294 N.W. 756, 229 Iowa 554
CourtSupreme Court of Iowa
DecidedNovember 19, 1940
DocketNo. 45422.
StatusPublished
Cited by10 cases

This text of 294 N.W. 756 (Iowa Pharmaceutical Ass'n v. May's Drug Stores, Inc.) is published on Counsel Stack Legal Research, covering Supreme Court of Iowa primary law. Counsel Stack provides free access to over 12 million legal documents including statutes, case law, regulations, and constitutions.

Bluebook
Iowa Pharmaceutical Ass'n v. May's Drug Stores, Inc., 294 N.W. 756, 229 Iowa 554 (iowa 1940).

Opinion

Stiger, J.

This suit has its source in chapter 431.1, 1939 Code, entitled Distribution of Trademarked Articles. The sections in the chapter material to this case are 9884.1 and 9884.3 which read:

“9884.1. Contracts as to selling price. No contract relating to the sale or resale of a commodity which bears, or the label or content of which bears, the trademark, brand, or name of the producer or owner of such commodity and which is in fair and open competition with commodities of the same general class produced by others shall be deemed in violation of any law of the state of Iowa by reason of any of the following provisions which may be contained in such contract:
“1. That the buyer will not resell such commodity except at the price stipulated by the vendor.
‘ ‘ 2. That the vendee or producer require in delivery to whom he may resell such commodity to agree that he will not, in turn, resell except at the price stipulated by such vendor or by such vendee. ’ ’
“9884.3. Actions for damages. Willfully and knowingly advertising, offering for sale or selling any commodity at less than the price stipulated in any contract entered into pursuant to the provisions of sections 9884.1 and 9884.2, whether the person so advertising, offering for sale or selling is or is not a party to such contract, is unfair competition and is actionable at the suit of any person damaged thereby.”
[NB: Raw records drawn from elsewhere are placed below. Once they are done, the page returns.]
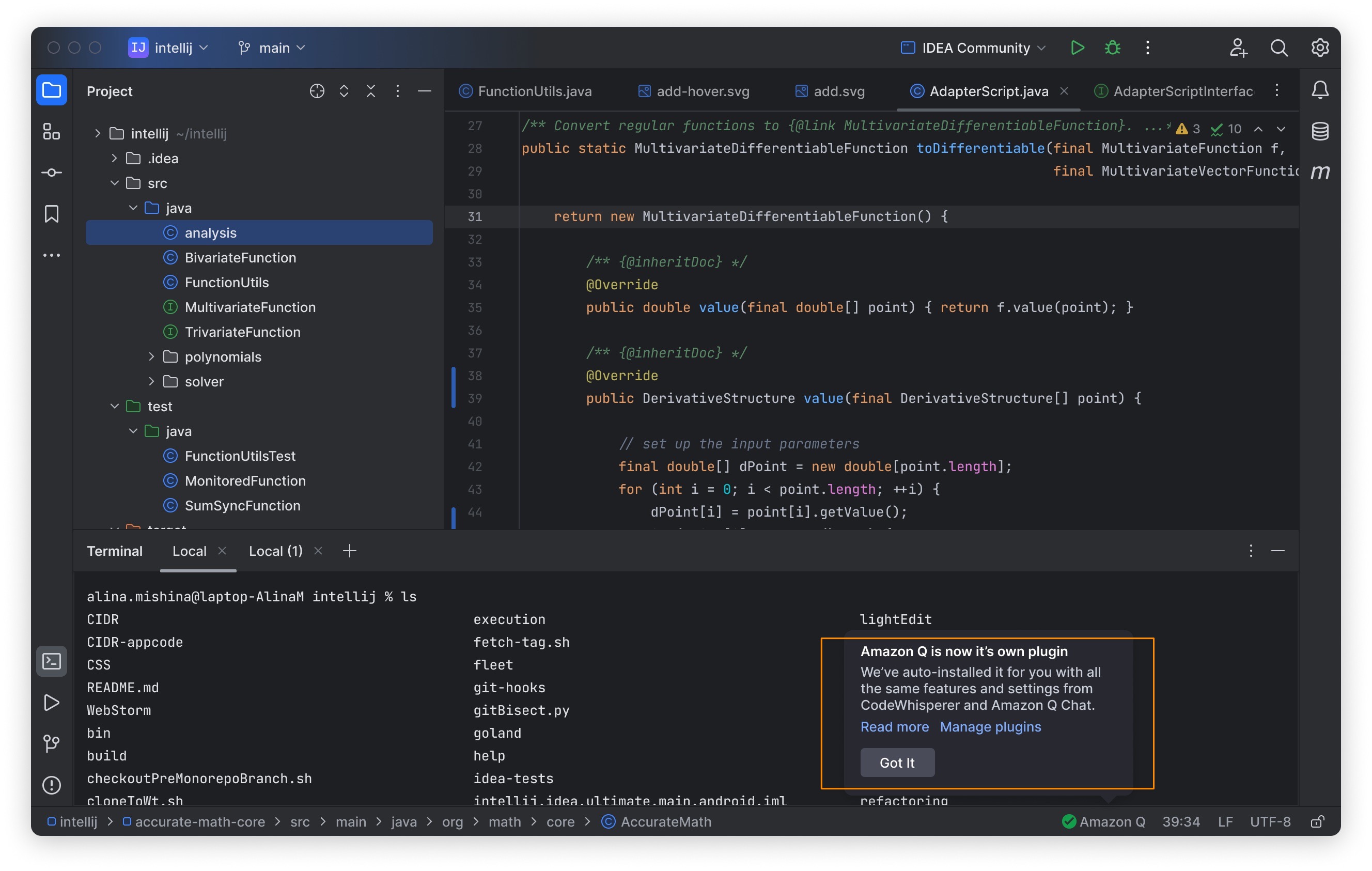 As part of the update, we also released an Amazon Q integrated development environment (IDE) extension for Visual Studio Code and JetBrains IDEs. Now, you will see two extensions in the IDE marketplaces: (1) Amazon Q and (2) AWS Toolkit.
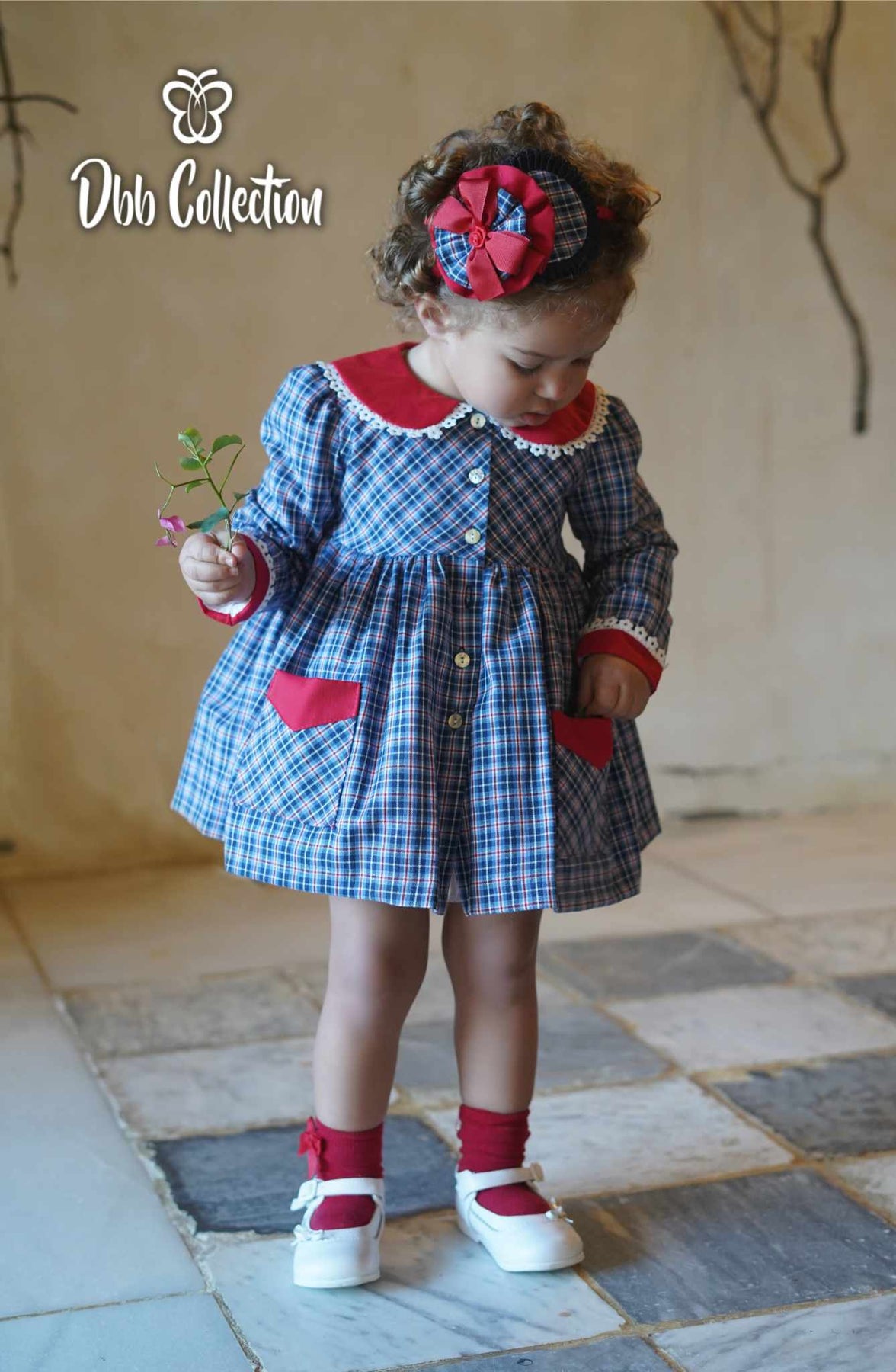 DBB Collection for girls. This stylish dress features a classic check pattern in blue and red, complemented by a matching headpiece. The dress is designed with a peter pan collar and button fastening and pockets to the front.
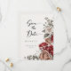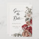 Klassisk traditionell spray och elegant med varm röd, antikvit och tan ro, baby utandning och eukalyptus på en gräddvattenfärg med stil bakgrund med anpassningsbar calligrafi Spara datumskriptet (färg kan anpassas) och redigerbar text fält. Baksidan har kompletterande grafik och extra fält.
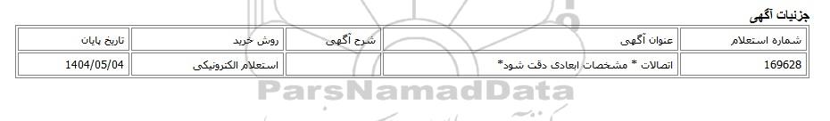 169628اتصالات * مشخصات ابعادی دقت شود*استعلام الکترونیکی1404/05/04
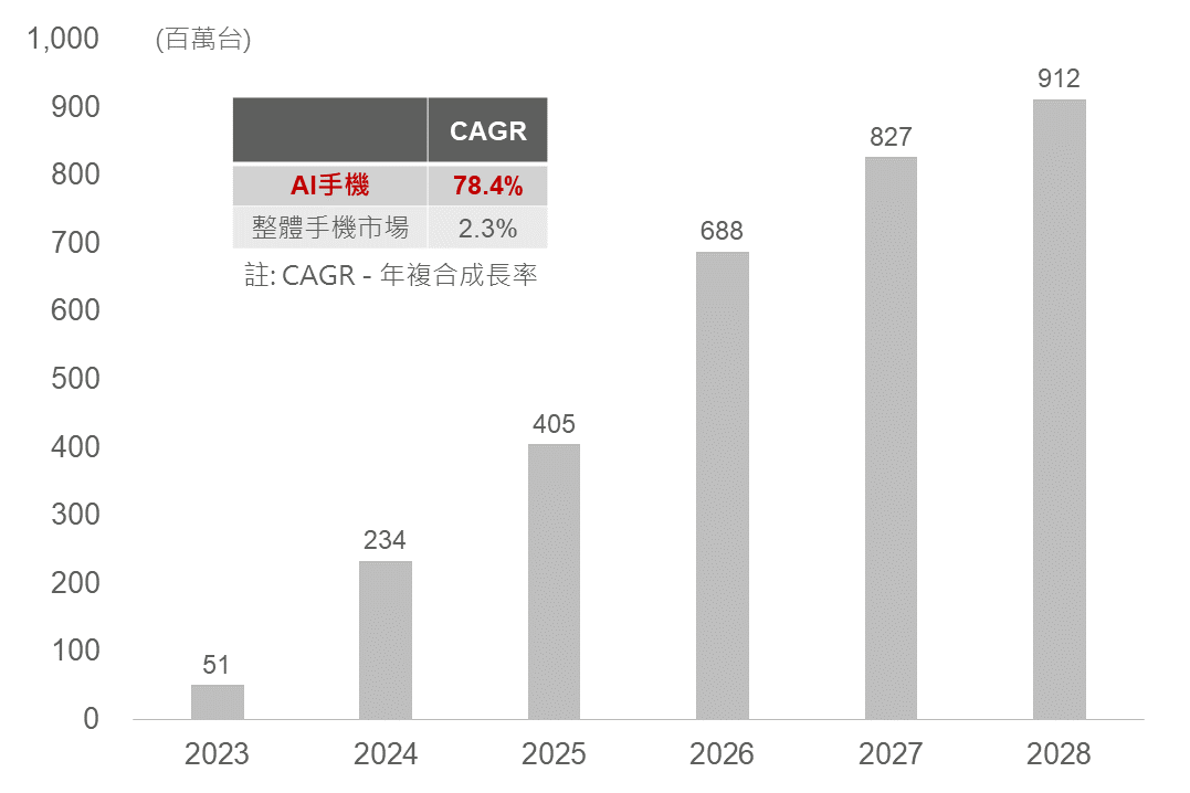 ▲ 近五年蘋果秋季發表會前後蘋果及大盤走勢 整體而言,近期科技股呈現震盪走低,反映AI類股高基期之下,獲利成長動能放緩趨勢,在市場重新對標其未來估值之際,料將使科技股延續震盪行情;惟展望年底消費性電子旺季,以及AI應用透過終端裝置逐漸擴散之下,仍可期待年末至明年初之換機熱潮及科技股行情。 ▲ AI手機出貨量預估
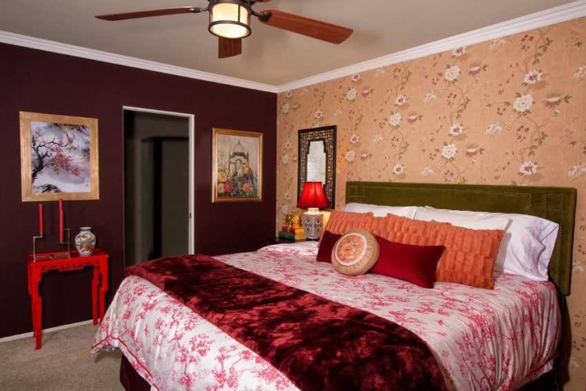 Соединение персикового и красного является классическим в восточном стиле. Это одно из самых удачных сочетаний. Если в него добавить глубокие коричневые и золотые тона, то обстановка засияет новыми яркими красками. Отлично подойдут оттенки карамели, дуба, шоколада или каштана. Комната получится одновременно яркой и теплой.
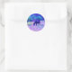 Sticker Rond Cheval noir violet dans le champ Arc-en-ciel
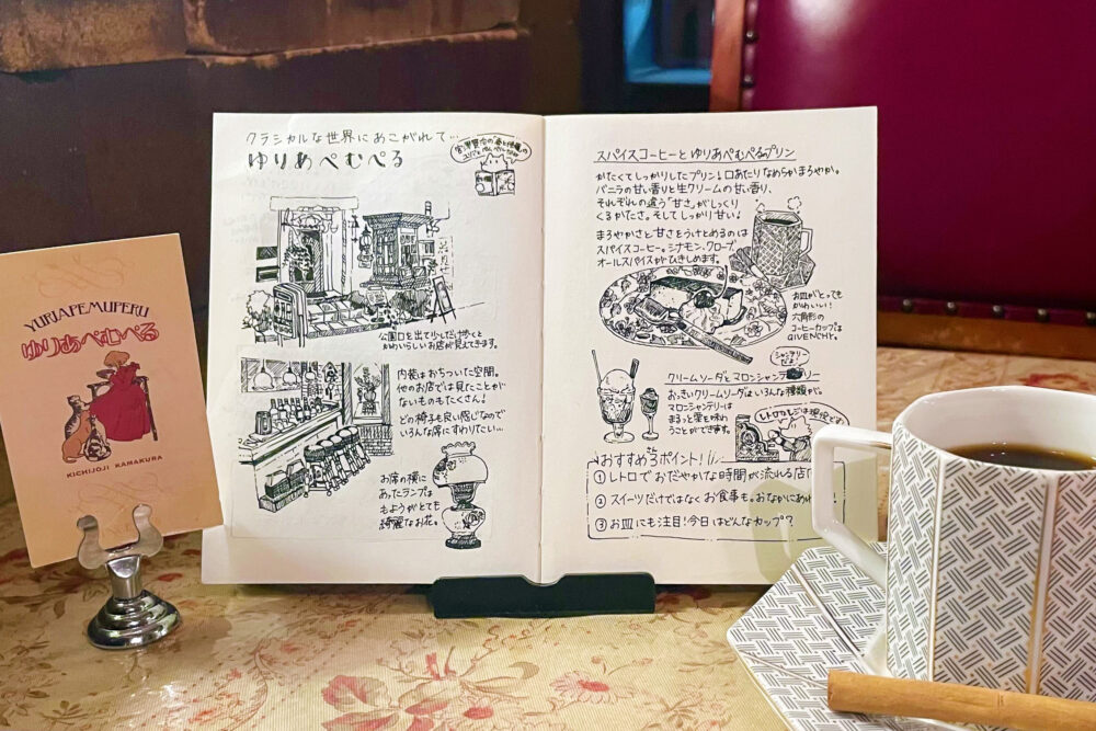 吉祥寺で時間がゆっくり流れる空間はいくつかあるけれど、レトロでクラシカル、可愛らしいけどちょっと退廃的、そんなお店。外から見ると出窓と、彫刻が施された木の扉、たくさんの植物。そして「ゆりあぺむぺる」の文字。周りのお店とはちょっと違う、ここだけ少し昔のヨーロッパのような雰囲気です。木の少しだけ重いドアを開けると、中はほんのり暗くて、コーヒーのいい香り。2階もあるのだけれど、タイミングなのかいつもなぜか1階に案内してもらいます。可愛らしいくらげのようなランプが柔らかい光を放って、空間ごとふんわりとした温かい光で満たされています。
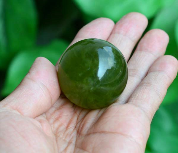 These spheres vary slightly in size, weight, and color tone, ranging from pale yellowish green to deep olive green. Some pieces show a soft cloudy texture, while others appear more uniform and glassy. The variation is natural and part of the stone’s character.
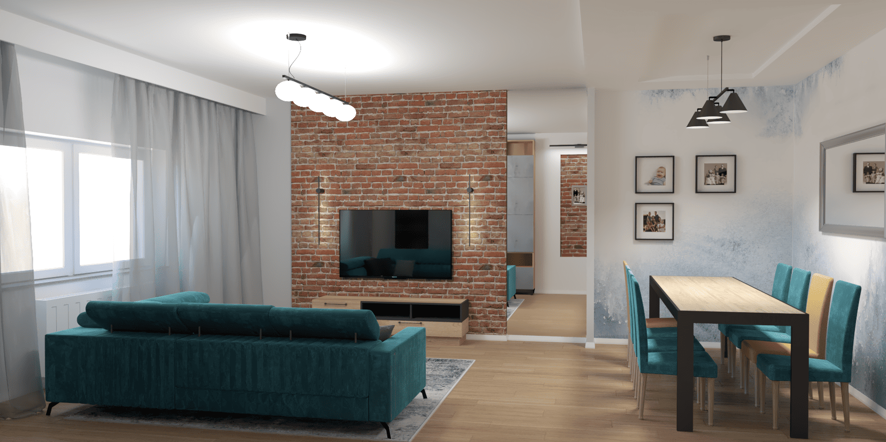 Po 2 wizualizacje każdego pomieszczenia + 2 serie poprawek. Dopiero po ich zatwierdzeniu przechodzimy do rysunków technicznych.

*557 We will set out the material allegations of the petition.' The plaintiffs and defendant are owners and operators of drug stores in Cedar Rapids and Marion, Linn eounty, Iowa. Manufacturers and wholesalers of medicinal and toilet articles entered into contracts with retailers in Iowa pursuant to the provisions of said chapter 431.1. All of the plaintiffs have complied and have, continued to comply with the minimum prices fixed in said contracts. The contracts provided that buyers would not resell commodities of the manufacturers bearing the label or trademark of the products for less than the minimum retail price stipulated. The defendant, long prior to the action, was notified of the existence and terms of said contracts and of the minimum prices stipulated therein. The defendant persistently, knowingly, willfully and intentionally sold and advertised commodities at less than the minimum retail price fixed in said contracts and has asserted that it intends to continue to evade and avoid said contracts and said Iowa Fair Trade Act; that said manufacturers and wholesalers have demanded that defendant comply with said agreements but that defendant, pursuant to its plan and purpose of violating the contracts, would temporarily comply therewith and shortly thereafter would again offer said articles for sale at less than the minimum retail prices prescribed by the agreements. The petition then set out a list of 71 articles which defendant was alleged to have sold in violation of the contracts and the statute. Each item gives the date of the sale, the trademark of the article, the contract price and the price for which defendant sold the article. The petition charges that defendant sold other products of said manufacturers at prices lower than the minimum retail contract price and that defendant is pursuing a uniform policy of violating the minimum prices under which articles may be sold under contracts within the purview of chapter 431.1. The petition charges irreparable damage through impairment of their businesses, loss of good will and patronage, and plaintiffs pray that the defendant be permanently restrained from advertising or selling the commodities specifically referred to in the petition and any other trademarked commodity sold by any manufacturer under the Fair Trade Act of the state of Iowa at less than the minimum retail price.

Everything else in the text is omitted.